» AIM OF THE EXERCISE
Your task is to give the records again exactly. Leave each picture out.

═════ INFORMATION SUPPLIED

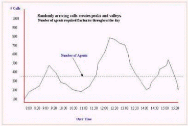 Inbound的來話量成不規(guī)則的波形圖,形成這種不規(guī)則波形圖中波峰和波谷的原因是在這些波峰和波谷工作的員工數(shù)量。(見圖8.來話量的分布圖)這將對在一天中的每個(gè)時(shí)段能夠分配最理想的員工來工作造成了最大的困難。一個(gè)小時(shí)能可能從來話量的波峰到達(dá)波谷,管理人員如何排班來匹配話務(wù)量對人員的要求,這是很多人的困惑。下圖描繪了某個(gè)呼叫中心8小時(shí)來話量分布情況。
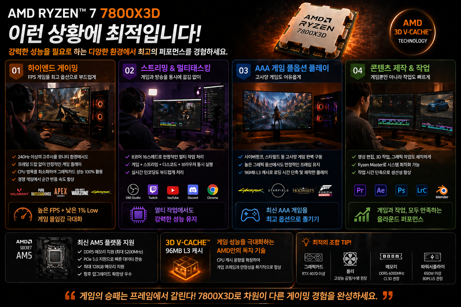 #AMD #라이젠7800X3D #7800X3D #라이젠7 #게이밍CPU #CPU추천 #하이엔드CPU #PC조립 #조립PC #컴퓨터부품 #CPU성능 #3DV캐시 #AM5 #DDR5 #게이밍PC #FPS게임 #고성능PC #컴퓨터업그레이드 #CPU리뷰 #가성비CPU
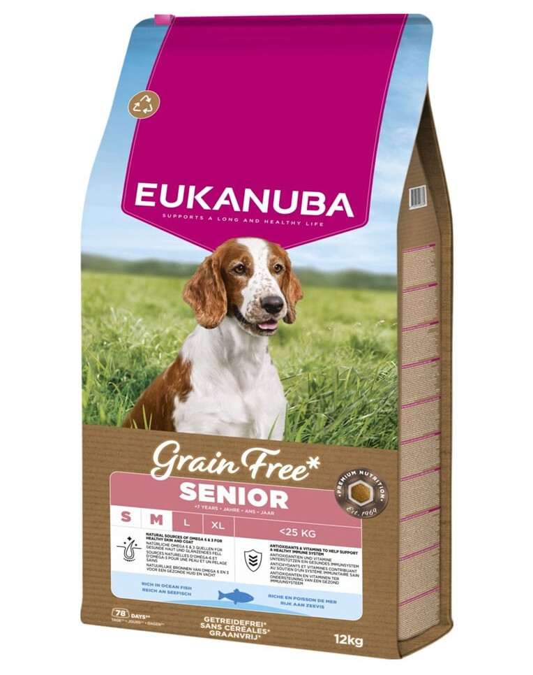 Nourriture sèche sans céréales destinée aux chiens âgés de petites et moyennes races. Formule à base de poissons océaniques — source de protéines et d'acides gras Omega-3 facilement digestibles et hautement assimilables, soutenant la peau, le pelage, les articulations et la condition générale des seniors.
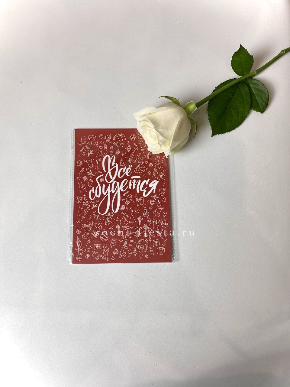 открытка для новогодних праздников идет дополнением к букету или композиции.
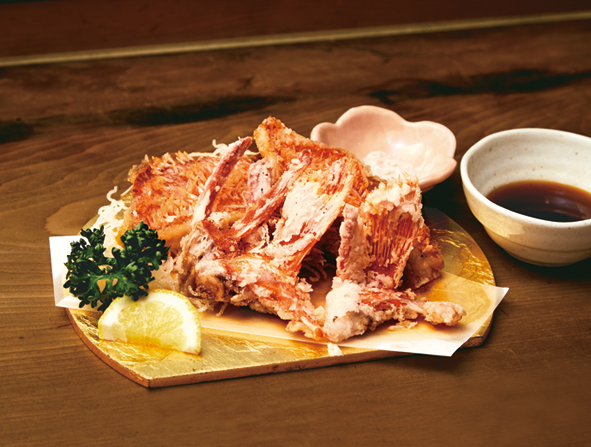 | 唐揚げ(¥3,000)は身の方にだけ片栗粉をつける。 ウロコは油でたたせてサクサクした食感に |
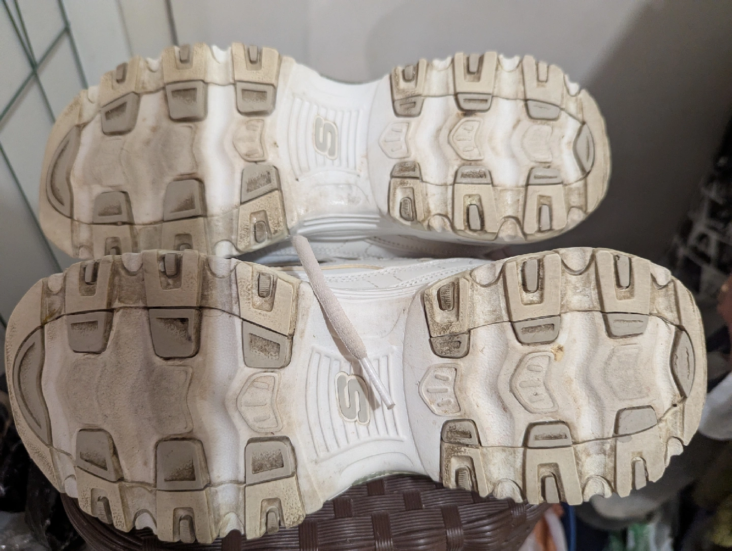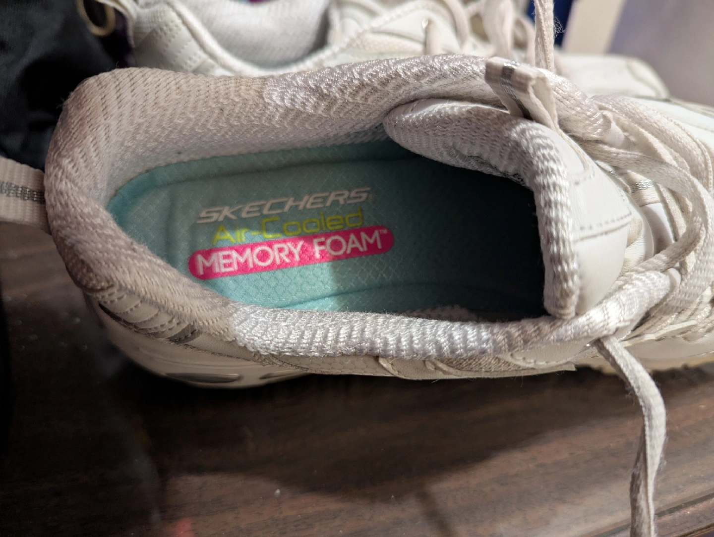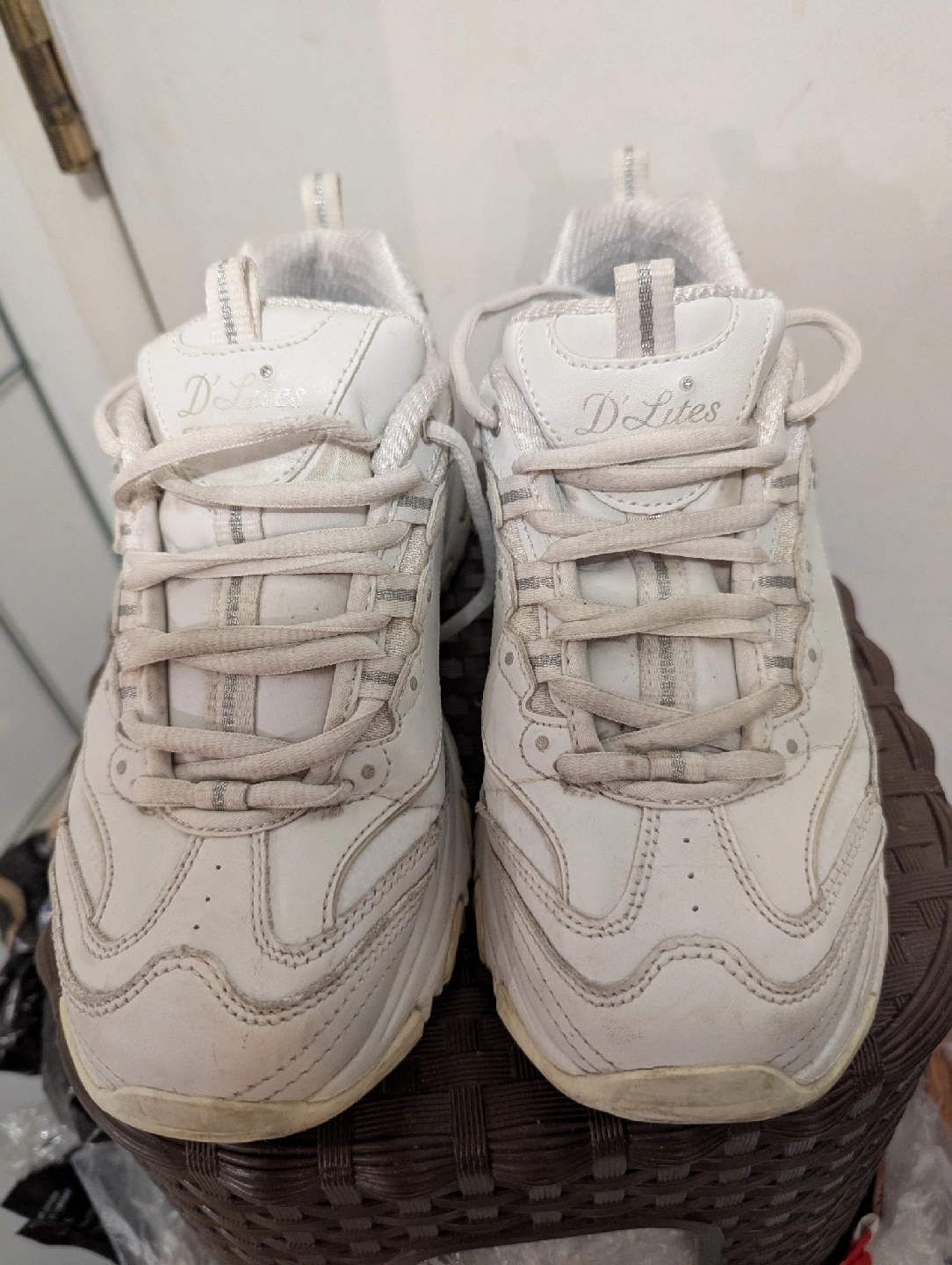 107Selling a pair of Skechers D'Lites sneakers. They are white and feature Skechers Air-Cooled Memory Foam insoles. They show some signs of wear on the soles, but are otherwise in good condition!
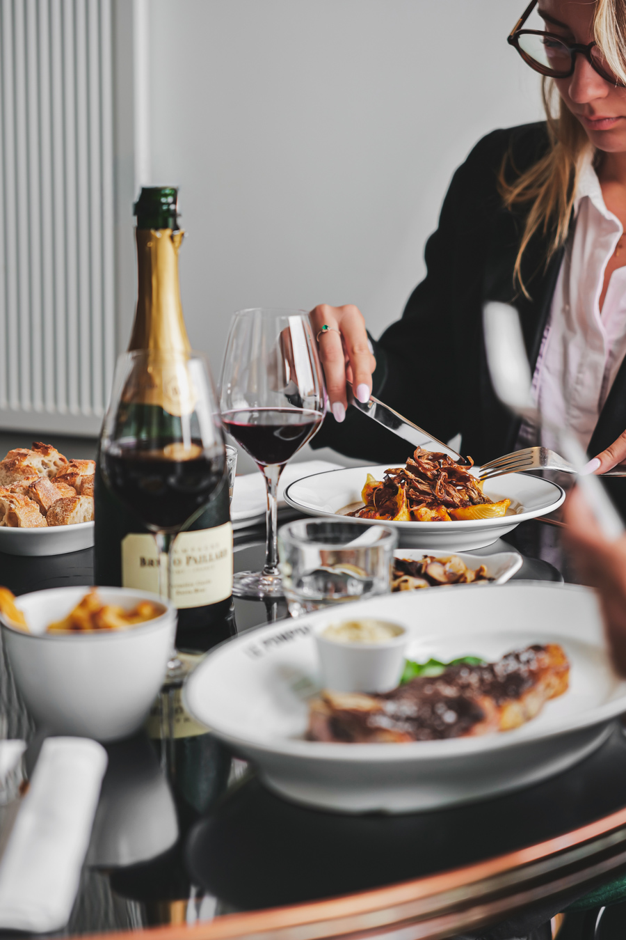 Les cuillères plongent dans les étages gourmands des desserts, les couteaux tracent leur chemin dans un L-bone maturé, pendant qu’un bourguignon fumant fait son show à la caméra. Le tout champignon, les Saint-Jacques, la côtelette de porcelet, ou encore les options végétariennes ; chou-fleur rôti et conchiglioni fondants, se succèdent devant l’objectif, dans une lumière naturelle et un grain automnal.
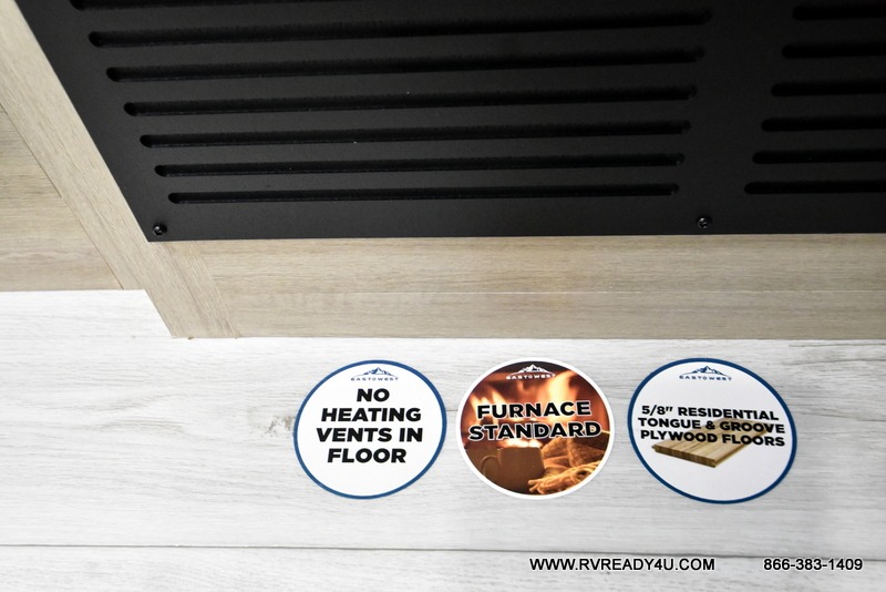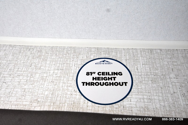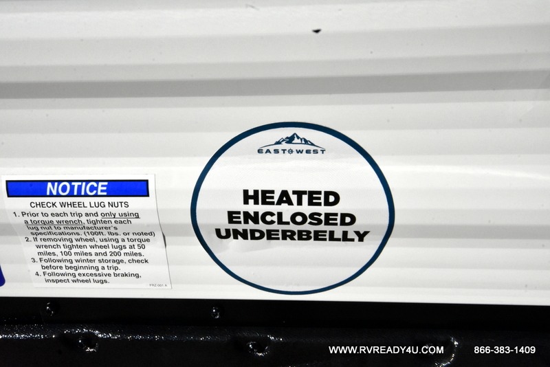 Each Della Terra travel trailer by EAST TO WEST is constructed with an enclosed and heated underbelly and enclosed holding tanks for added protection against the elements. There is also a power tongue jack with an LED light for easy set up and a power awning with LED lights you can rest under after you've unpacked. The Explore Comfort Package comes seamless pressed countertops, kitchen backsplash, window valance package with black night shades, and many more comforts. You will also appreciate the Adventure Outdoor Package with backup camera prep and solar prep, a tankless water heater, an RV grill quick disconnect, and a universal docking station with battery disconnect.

══════════

» SOLUTION TO THE EXERCISE
 Inbound的來話量成不規(guī)則的波形圖,形成這種不規(guī)則波形圖中波峰和波谷的原因是在這些波峰和波谷工作的員工數(shù)量。(見圖8.來話量的分布圖)這將對在一天中的每個(gè)時(shí)段能夠分配最理想的員工來工作造成了最大的困難。一個(gè)小時(shí)能可能從來話量的波峰到達(dá)波谷,管理人員如何排班來匹配話務(wù)量對人員的要求,這是很多人的困惑。下圖描繪了某個(gè)呼叫中心8小時(shí)來話量分布情況。
 #AMD #라이젠7800X3D #7800X3D #라이젠7 #게이밍CPU #CPU추천 #하이엔드CPU #PC조립 #조립PC #컴퓨터부품 #CPU성능 #3DV캐시 #AM5 #DDR5 #게이밍PC #FPS게임 #고성능PC #컴퓨터업그레이드 #CPU리뷰 #가성비CPU
 Nourriture sèche sans céréales destinée aux chiens âgés de petites et moyennes races. Formule à base de poissons océaniques — source de protéines et d'acides gras Omega-3 facilement digestibles et hautement assimilables, soutenant la peau, le pelage, les articulations et la condition générale des seniors.
 открытка для новогодних праздников идет дополнением к букету или композиции.
 | 唐揚げ(¥3,000)は身の方にだけ片栗粉をつける。 ウロコは油でたたせてサクサクした食感に |
 107Selling a pair of Skechers D'Lites sneakers. They are white and feature Skechers Air-Cooled Memory Foam insoles. They show some signs of wear on the soles, but are otherwise in good condition!
 Les cuillères plongent dans les étages gourmands des desserts, les couteaux tracent leur chemin dans un L-bone maturé, pendant qu’un bourguignon fumant fait son show à la caméra. Le tout champignon, les Saint-Jacques, la côtelette de porcelet, ou encore les options végétariennes ; chou-fleur rôti et conchiglioni fondants, se succèdent devant l’objectif, dans une lumière naturelle et un grain automnal.
 Each Della Terra travel trailer by EAST TO WEST is constructed with an enclosed and heated underbelly and enclosed holding tanks for added protection against the elements. There is also a power tongue jack with an LED light for easy set up and a power awning with LED lights you can rest under after you've unpacked. The Explore Comfort Package comes seamless pressed countertops, kitchen backsplash, window valance package with black night shades, and many more comforts. You will also appreciate the Adventure Outdoor Package with backup camera prep and solar prep, a tankless water heater, an RV grill quick disconnect, and a universal docking station with battery disconnect.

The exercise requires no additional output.